Bleeding and Clotting Disorders
Use the coagulation panel to localize the defect.
| Finding | Suggests |
|---|---|
| Isolated prolonged PT/INR | Often warfarin effect or vitamin K-dependent factor issue |
| Isolated prolonged aPTT | Heparin effect, hemophilia, or factor deficiency in that pathway |
| Low platelets | Thrombocytopenia (ITP, drug-induced, marrow disease, consumption) |
| Prolonged PT and aPTT with low platelets and low fibrinogen | Disseminated intravascular coagulation (DIC) |
- Immune thrombocytopenia (ITP) is isolated low platelets without another explanation.

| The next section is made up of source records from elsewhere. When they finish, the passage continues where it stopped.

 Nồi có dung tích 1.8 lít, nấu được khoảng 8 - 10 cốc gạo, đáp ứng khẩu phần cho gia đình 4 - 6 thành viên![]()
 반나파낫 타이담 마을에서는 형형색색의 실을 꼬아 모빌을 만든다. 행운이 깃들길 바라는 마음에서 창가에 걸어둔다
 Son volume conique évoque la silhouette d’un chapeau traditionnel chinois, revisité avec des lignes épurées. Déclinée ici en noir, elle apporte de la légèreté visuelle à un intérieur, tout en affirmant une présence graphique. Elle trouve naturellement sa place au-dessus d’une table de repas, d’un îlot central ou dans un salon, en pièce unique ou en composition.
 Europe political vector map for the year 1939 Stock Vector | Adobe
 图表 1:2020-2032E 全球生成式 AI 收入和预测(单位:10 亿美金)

- Von Willebrand disease is the most common inherited bleeding disorder.
- Hemophilia A and B are X-linked factor deficiencies causing deep tissue and joint bleeding.
- Venous thromboembolism (VTE): deep vein thrombosis and pulmonary embolism are the clotting-side counterpart and are managed with anticoagulation.
Anticoagulation
| Agent Class | Example | Monitoring | Reversal Concept |
|---|---|---|---|
| Vitamin K antagonist | Warfarin | INR | Vitamin K; clotting factors for serious bleeding |
| Unfractionated heparin | Heparin | aPTT | Protamine |
| Low-molecular-weight heparin | Enoxaparin | Usually none routinely | Partial protamine effect |
| Direct oral anticoagulant (DOAC) | Apixaban, rivaroxaban, dabigatran | Not routinely monitored | Specific reversal agents exist for some |
Exam items often test that warfarin is monitored with the INR and interacts with diet and many drugs, while heparin-class agents are parenteral with faster onset.

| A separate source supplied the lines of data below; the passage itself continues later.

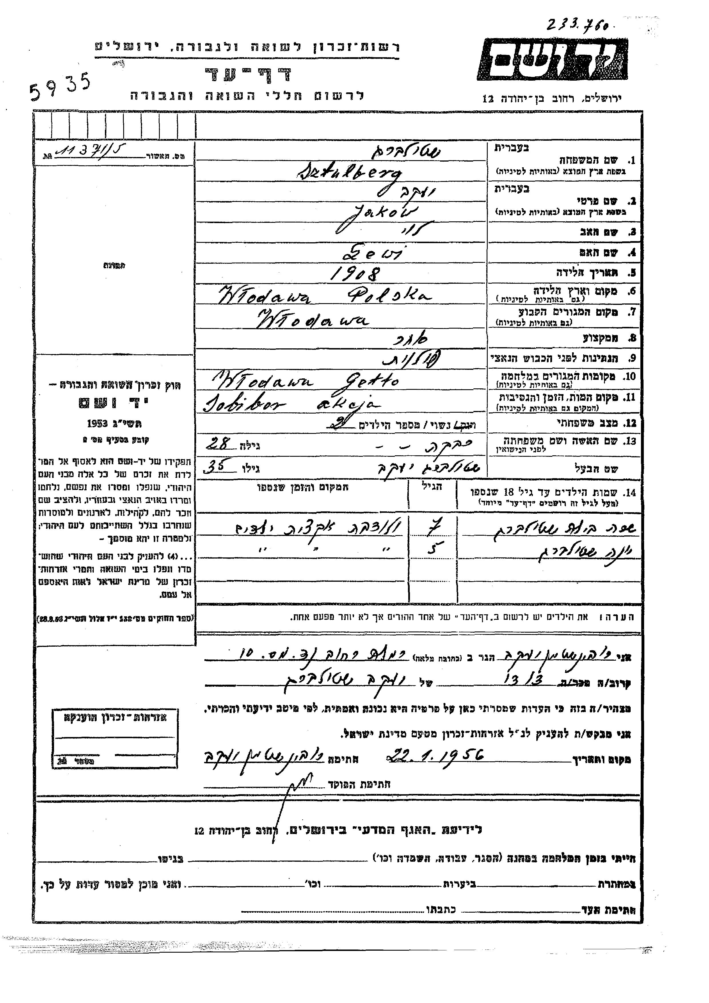Shtulberg Sara Bila Wlodawa, Polen Gedenkblatt
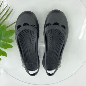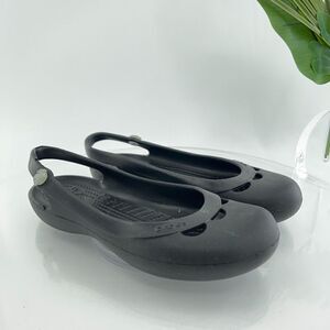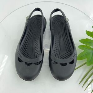 CROCS Women's Jayna Slingback Flats Size 8 Black Rubber Slip On Beach Shoe Comfy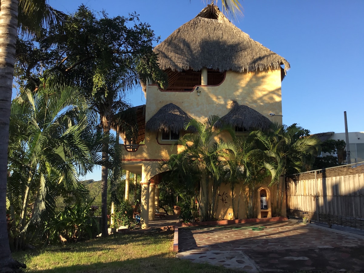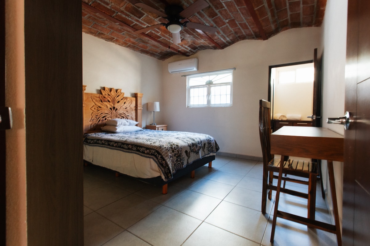 Newly renovated 2 bedroom house only 5 blocks from the beach! Light, spacious and airy with amenities for an amazing beach-town experience. Air conditioning in both bedrooms, with ceiling fans throughout. Modern kitchen with granite countertops. Exposed brick ceilings, and a large shade porch in front of the house. Walk down to the beautiful beaches of Bucerias, the town plaza, and/or restaurants and bars. Our place is perfect for two couples or small families. Hablamos Espanol.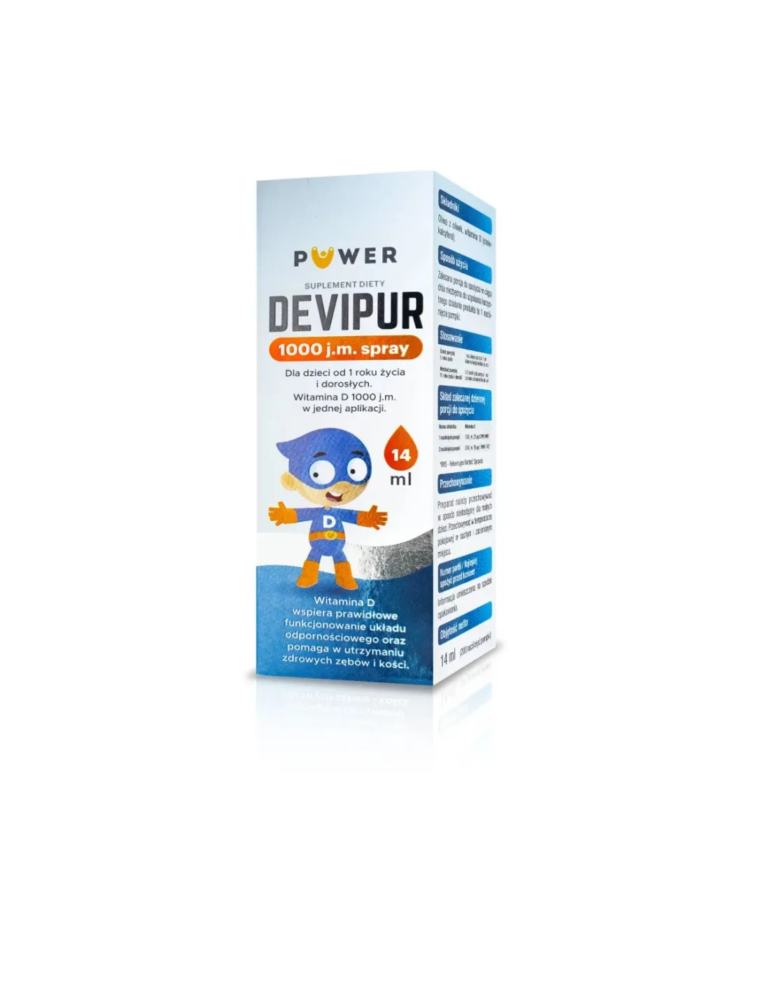 Devipur 1000 to suplement diety w formie wygodnego sprayu, dostarczający witaminę D3 (cholekalcyferol) zawieszoną w oliwie z oliwek. Taka forma podania ułatwia aplikację bezpośrednio do ust i sprzyja efektywnemu wchłanianiu składnika aktywnego. Preparat jest przeznaczony do uzupełniania codziennej diety dzieci powyżej 1. roku życia, młodzieży oraz osób dorosłych, wspierając kluczowe funkcje organizmu zależne od poziomu „witaminy słońca”.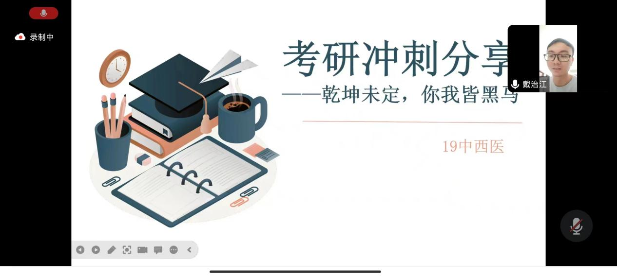 距离2024年考研还有73天,为帮助167net必赢入口2019中西医班同学进一步明确冲刺阶段复习方向,坚定冲刺目标,缓解紧张焦虑情绪,10月11号晚8点,一院2019中西医班组织开展线上考研冲刺分享会,我们再次邀请了2018中西医两位优秀师兄师姐为大家分享经验,本次会议由学习委员林泽君主持,辅导员邱敏老师及2019中西医班同学参与。

Leukemias and Lymphomas Overview
- Acute leukemia (acute lymphoblastic or acute myeloid) causes rapid bone marrow failure: anemia, infection from neutropenia, and bleeding from thrombocytopenia.
- Chronic leukemia (chronic lymphocytic or chronic myeloid) is often more indolent and may be found incidentally.

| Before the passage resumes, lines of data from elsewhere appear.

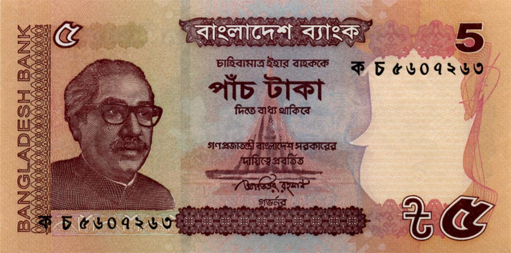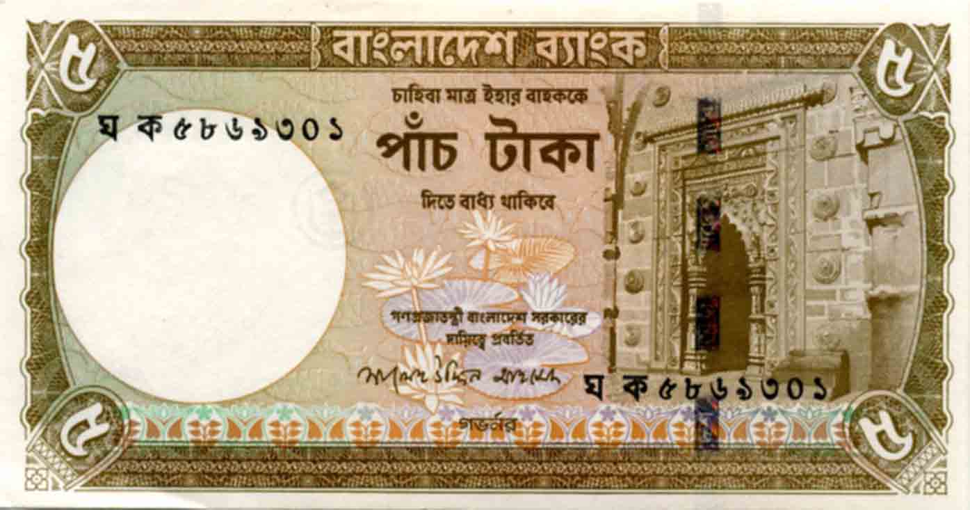 "Peoples Republic 5 Taka" Issue. P.64-P.64A.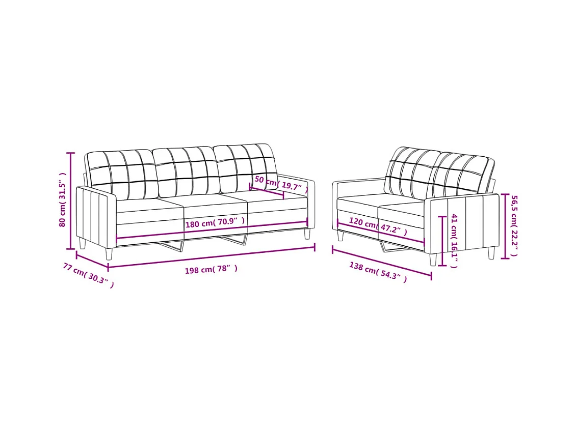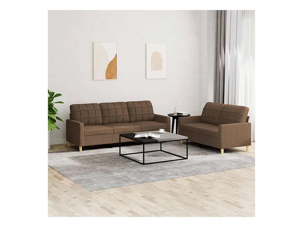 2-teiliges Sofaset mit Kissen, brauner Stoff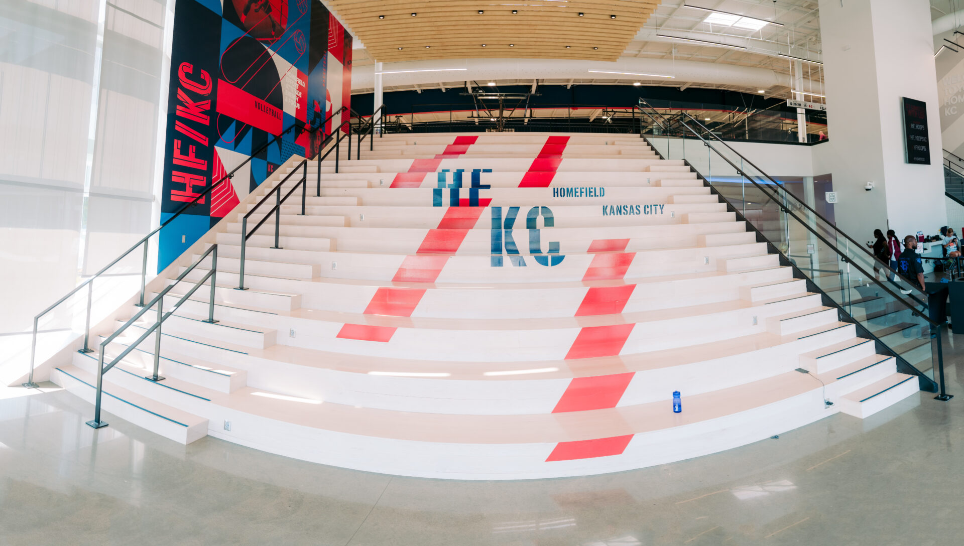 The design of Homefield KC supports high-capacity configurations for national-level volleyball and basketball tournaments. Seating systems provided by third-party manufacturers integrate seamlessly with the metal railing infrastructure, contributing to a unified experience for athletes and spectators alike.

- Hodgkin lymphoma is classically associated with Reed-Sternberg cells and can present with painless lymphadenopathy and B symptoms (fever, night sweats, weight loss).
- Non-Hodgkin lymphoma is a broad, heterogeneous group of lymphoid malignancies.
Transfusion Concepts
Packed red blood cells raise oxygen-carrying capacity in symptomatic anemia. Type and crossmatch reduces incompatibility risk. Acute hemolytic transfusion reaction (often ABO mismatch) is a medical emergency requiring immediate transfusion cessation and supportive care. Febrile nonhemolytic and allergic reactions are more common but generally less catastrophic. Know the difference between stopping the transfusion versus slowing it based on reaction severity.
Exam Strategy
Classify by MCV before ordering studies, localize bleeding with PT/aPTT/platelets, and match anticoagulants to their monitoring test and reversal agent.
A 47-year-old man has fatigue and a hemoglobin of 9.8 g/dL with a low MCV. Ferritin is low, serum iron is low, and total iron-binding capacity is high. What is the most appropriate next consideration?
A patient on chronic warfarin therapy presents with minor bleeding and a markedly elevated INR. Which test is used to monitor warfarin, and which agent is most appropriate to address the elevated INR in this setting?
Which laboratory pattern is most consistent with disseminated intravascular coagulation (DIC)?